Life Musings

Am I finally cured of the travel bug?

My boss is in Italy right now. A friend from college just got off the phone with me, telling me about all of the cheap flights she just bought to Scotland, and Spain. She’ll be in Europe for six weeks. “Should I go to Morocco, or Portugal next?” she asks me. “We were supposed to go to Portugal together once,” I think, though not bitterly and not with regret.

Kansas City, Missouri 2018

I look out my window and see a blanket of grey, and white. It’s snowing outside, big plops of snowflakes coming down from a heavy sky sideways. The tree branches are still bare and whatever green sprung to life is now covered and drooping.

Another friend lights up my phone with pictures of fields of daffodils in London and canals in Germany. He brings me back a little key chain from Amsterdam, a wooden shoe. I smile because it is more than I brought home with me even though I was there, too.

Amsterdam, Holland 2016

Once.

I listen knowingly while he tells tales of smoking in little cafes in Amsterdam and riding the train to Hamburg.

“You’ll love Rome, especially at night,” I tell my boss.

“Definitely go to Morocco,” I urge my friend. “The food is incredible.”

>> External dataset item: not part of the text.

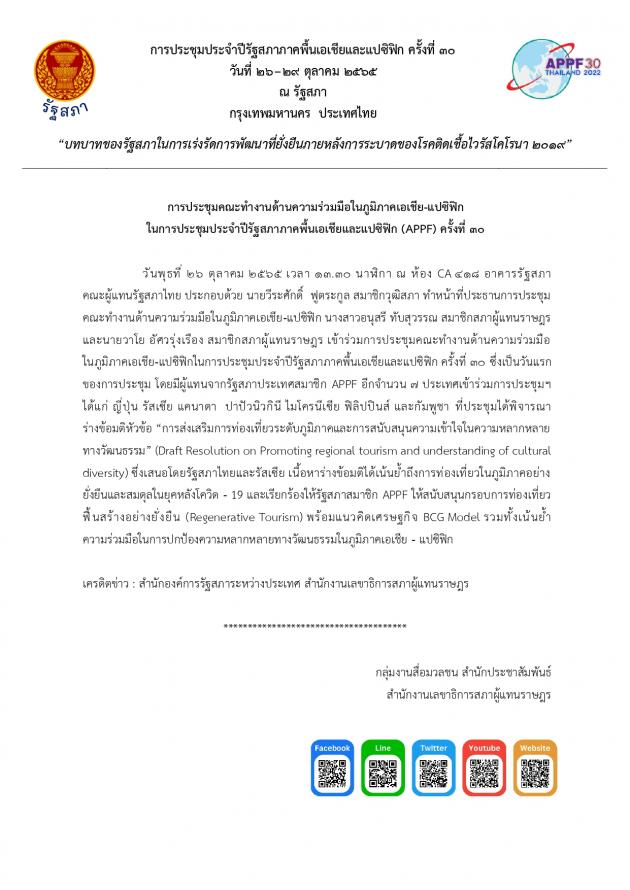 วันพุธที่ 26 ตุลาคม 2565 เวลา 13.30 นาฬิกา ณ ห้องประชุม CA 418 ชั้น 4 อาคารรัฐสภา นายวีระศักดิ์ ฟูตระกูล สมาชิกวุฒิสภา เป็นประธานการประชุมคณะทำงานด้านความร่วมมือในภูมิภาคเอเชีย-แปซิฟิก
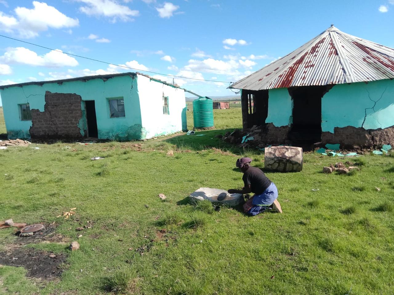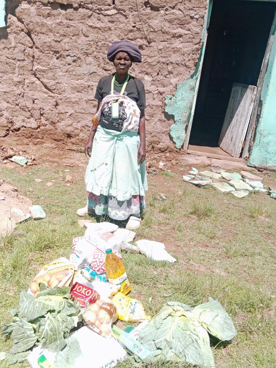 Hloyi Nothozamile, who is over eighty years old, is currently residing with her neighbors after her house collapsed. Due to her advanced age and poor health, she is struggling to take care of herself and carry out daily tasks.

I eagerly offer advice and wish them well because I get it. The ecstatic feeling of being anywhere but here. The thrill of the journey and the planning and the unknown. Coming home with a glow of memories and photographs and new tastes still fresh on your tongue.

Essaouira, Morocco 2013

But I don’t want it. I don’t feel jealous, or left out. It’s been a little over two years since I’ve been abroad and I’m not even tempted to spend my lunch break looking up cheap flight airfares, even though I have been contemplating the beauty of places like Ireland and Hawaii and maybe, I don’t know.

The truth is, I’m kind of worried that I’m cured of the travel bug. Shouldn’t I be feeling more restless? Or curious? Or intrigued, or all of the things I felt before?

But I’m not.

And the thing is, it’s not exactly like my life is perfect now. The last six weeks have been high intensity in all of the good and stressful and anxiety ridden ways. Things are a little unsteady, a little uncertain in most areas of my life. The snow outside seems to be in cahoots with how I feel on the inside….like Spring should’ve arrived by now but I’m still in a bit of a winter-y funk.

All of this should be fodder for me to…want to run away. Or book a flight to…anywhere. Or at least plan a method of escape so that I can look forward to getting away while trudging through the daily grind.

But I don’t have any of those instincts.

I don’t want to run. Or feel like I need to. In fact, I’ve never wanted to stay more than I do now. In spite of the hard stuff. And the struggles and…just life.

When I read back through my travel journals, they are filled with vivid sights and sounds. I can feel the emotion of that hot, stiff afternoon sitting in an open cafe in Ghana, flies buzzing around and women selling fried plantain chips from woven baskets on their head. I can smell the crisp, clean cold of a Fall on the heels of a Summer spent in France and taste the crusty end of a baguette on my tongue with the crumbs still sticking to my lips. I remember the exhaustion and the colors and the wondering.

I read the longing between every line.

“Avignon is beautiful. Southern France is beautiful. Summer has passed and the wind blows, singing notes of Autumn. Still, I’m looking for my roots. I’m looking for consistency that’s tied to something other than waiting on buses and filling my lungs with smoke.”

And so it is. The city names change, but the longing never does. With each page, it shows up. A whisper, a shout, a cry.

I don’t really know what’s changed, to be honest. Maybe time, maybe me. Maybe I had to chase myself all around the world to finally find myself exactly where I am. And to be okay with that.

There’s still longing. There’s still some restlessness and nights when thoughts go around like a carousel. There’s still grief, and sorrow. But mostly, I don’t want to be anywhere else. Even if Spring refuses to come.

Because there are muddy paws on the kitchen floor, and it’s mine. Jazz plays in the background and upstairs a new roommate is putting a fresh coat of paint on the walls. There are cookies in the oven and it smells like melted butter and mulled wine, and Christmas. In April, no less.

And this is it. This is all I wanted for so long.

I don’t really think I’m cured of the travel bug. But maybe something else. And I’m not sure what that might be, but I think the antidote is contentment. And I’m drinking it daily.

When the time is right to travel again, I’ll know. And maybe there will be less running and more seeking. And maybe, not. Either way, it will be okay. It always is.